Vestía un suéter azul oscuro, bluyín y mocasines negros. Sentado en posición búdica sobre la alfombra de la sala del segundo piso de un apartamento situado en la carrera cuarta con calle cincuenta y nueve, a los pies de Mercedes —su joven esposa, quien arrullaba a Rodrigo, el bebé de dos meses de nacido—, Gabito me recibió con muestras de cariño familiar mientras apagaba en el cenicero un cigarrillo Pielroja.

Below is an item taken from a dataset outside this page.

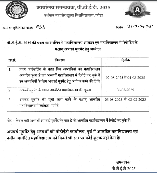 Vardhman Mahaveer Open University (VMOU) has released the PTET-2025 College 2nd Allotment Letter for the two-year B.Ed. and four-year integrated B.A. B.Ed/B.Sc. B.Ed programs today, 18th August 2025, notifying candidates about their allotted seats in B.Ed or integrated BA‑B.Ed/BSc‑B.Ed programs across various participating teacher education colleges in Rajasthan. Candidates who participated in the second round of counselling have to report to the allotted college between 18th to 25th August 2025.

Desde meses atrás, mi tía Dilia Caballero de Márquez, me enseñaba recortes de periódico de 1955 a 1957 relacionados con las actividades literarias de ese joven autor, que coleccionaba su esposo Juan de Dios —tío de Gabito y hermano por parte de padre del coronel José María Valdeblánquez, mi abuelo materno—, y tenía pegados con goma sobre hojas de cuadernos escolares. Recuerdo que más que todo se trataba de artículos sobre sus cuentos, reseñas de La hojarasca y entrevistas sobre su oficio creador.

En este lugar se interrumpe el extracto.